Но старший Папахристос, несмотря на отсутствие высшего образования, глупцом никак не был. Зная по собственному опыту, что человек лучше всего преуспевает там, где у него есть природный дар, он совершенно не желал ставить сыну препятствия на его естественном пути. Расспросив нужных людей в нужных кругах, он выяснил, что в Германии есть великий математик греческого православного вероисповедания, знаменитый Константин Каратеодори. Отец Петроса немедленно написал к нему с просьбой о встрече.
Отец и сын поехали в Берлин, где Каратеодори принял их в своем университетском кабинете, одетый, как банкир. После короткого разговора с отцом профессор попросил оставить его наедине с сыном. Он подвел Петроса к доске, дал ему мел и стал спрашивать. Петрос брал интегралы, считал ряды и доказывал утверждения, которые ему предлагались. Когда же знаменитый профессор закончил экзамен, мальчик рассказал о своих собственных открытиях: изощренные геометрические построения, сложные алгебраические преобразования и, в частности, наблюдения над свойствами целых чисел.
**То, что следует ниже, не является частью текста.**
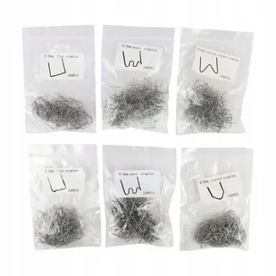 Zszywki do plastiku ”mała fala” o średnicy 0,8 mm - 100szt. Zszywki do plastiku ”mała fala” o średnicy 0,6 mm - 100szt. Zszywki do plastiku ”kąt wewnętrzny” o średnicy 0,8 mm - 100szt. Zszywki do plastiku ”kąt zewnętrzny” o średnicy 0,6 mm - 100szt.
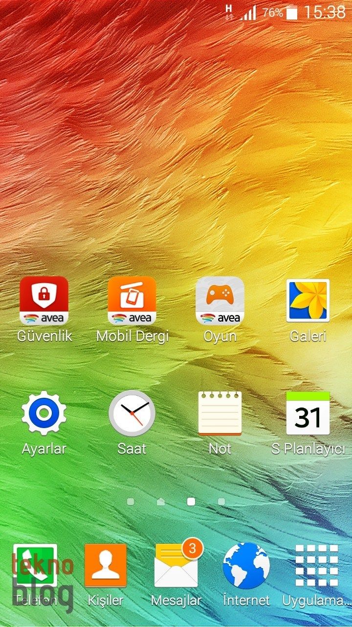 Avea etkisini gördüğümüz bir başka nokta da uygulamalar. Avea’nın Android uygulamaları Galaxy Grand Max sahiplerine ön yüklü olarak sunuluyor. Avea Bulutt, Avea Müzik, Tivibu Cep Avea, Avea Mobil Dergi, Avea Online İşlemler, Avea Yedek, Avea Güvenlik, Avea Oyun ve Avea NBA uygulamalarını, uygulama menüsü içinde bulunan Avea klasörü altında görüyoruz. Ayrıca ana ekrana baktığımızda da bunların bazılarının hızlı erişim amacıyla buralara yerleştirildiğini fark ediyoruz.
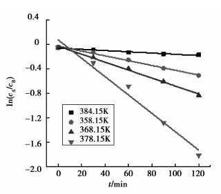 根据不同温度对ln cA/cB和反应时间t作图(图 5),求得各相应温度下速率常数k。结合Arrhenius公式
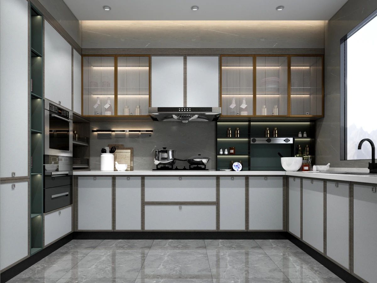 L型的厨房设计,动线明确。洗-切-炒每个环节都有自己的足够的空间。
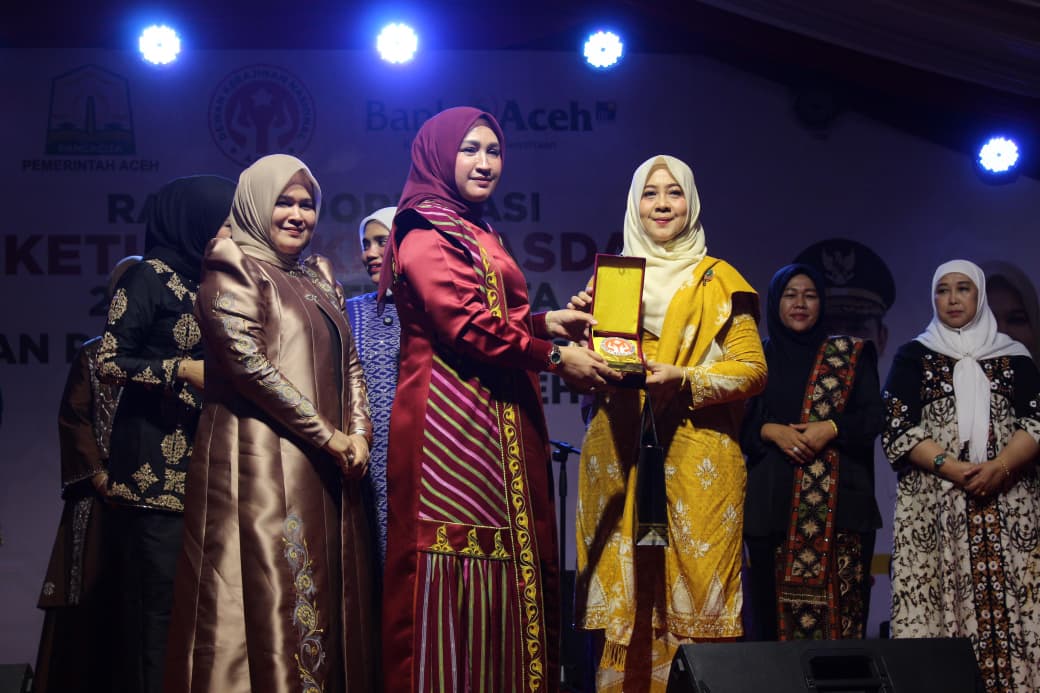 Penghargaan tersebut diserahkan langsung oleh Ketua Dekranasda Aceh, Ny. Marlina Muzakir, kepada Ny. Cut Inda TR. Keumangan dalam acara penutupan Rapat Koordinasi Ketua Dekranasda 23 Kabupaten/Kota dan Pameran Kriya Unggulan Dekranasda se-Aceh, yang berlangsung di UMKM Center Bank Aceh, Lampineung, Banda Aceh, pada Minggu (9/11/2025) malam.

Одним из них было такое: «Каждое четное число, большее 2, может быть записано в виде суммы двух простых чисел».
– Ну, это вы не умеете доказывать, – сказал знаменитый математик.
– Пока нет, – ответил Петрос, – хотя я уверен, что это общий принцип. Я его проверил до 10000.
А что вы знаете о распределении простых чисел? – спросил Каратеодори. – Можете указать способ определить, сколько существует простых чисел, меньших заданного n?
– Не могу, – ответил Петрос, – но когда n стремится к бесконечности, это число очень близко к отношению n и его натурального логарифма. Каратеодори ахнул.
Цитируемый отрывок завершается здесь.